Event cameras generate sparse, asynchronous data, posing significant computational and energy-efficiency challenges for long-sequence spatiotemporal reasoning in edge-based object detection. Method: This paper proposes an efficient neuromorphic detection framework featuring a novel sparse convolutional recurrent learning mechanism (achieving >92% recurrent activation sparsity) and a hardware-aware SEED architecture that jointly integrates sparse tensor computation, event-driven RNNs, and hardware-software co-optimization. Contribution/Results: It is the first work to unify high spatiotemporal representation capability with low latency and high energy efficiency under extreme sparsity. The framework achieves state-of-the-art mAP on both Prophesee 1Mpx and Gen1 datasets while drastically reducing synaptic operations. Hardware emulation demonstrates substantial reductions in inference latency and energy consumption, validating its practicality and advancement for neuromorphic edge computing.

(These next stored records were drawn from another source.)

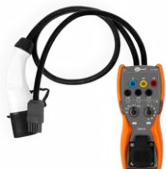
Adapter EVSE-01 do testów stacji ładowania pojazdów elektrycznych
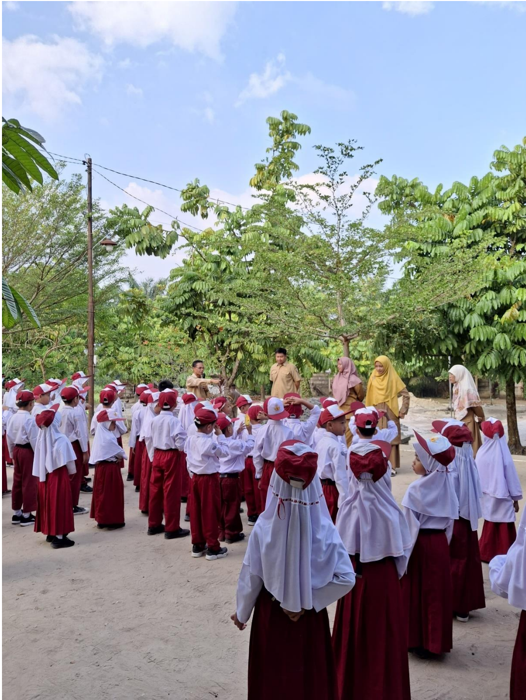
Gambar 4: Foto literasi oleh Kepala sekolah di pagi hari sebelum masuk kelas
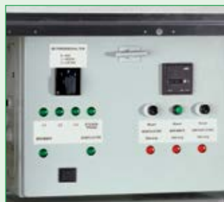
Schaltkasten mit Betriebsstundenzähler, geschützt eingebaut

Leveraging the high temporal resolution and dynamic range, object detection with event cameras can enhance the performance and safety of automotive and robotics applications in real-world scenarios. However, processing sparse event data requires compute-intensive convolutional recurrent units, complicating their integration into resource-constrained edge applications. Here, we propose the Sparse Event-based Efficient Detector (SEED) for efficient event-based object detection on neuromorphic processors. We introduce sparse convolutional recurrent learning, which achieves over 92% activation sparsity in recurrent processing, vastly reducing the cost for spatiotemporal reasoning on sparse event data. We validated our method on Prophesee's 1 Mpx and Gen1 event-based object detection datasets. Notably, SEED sets a new benchmark in computational efficiency for event-based object detection which requires long-term temporal learning. Compared to state-of-the-art methods, SEED significantly reduces synaptic operations while delivering higher or same-level mAP. Our hardware simulations showcase the critical role of SEED's hardware-aware design in achieving energy-efficient and low-latency neuromorphic processing.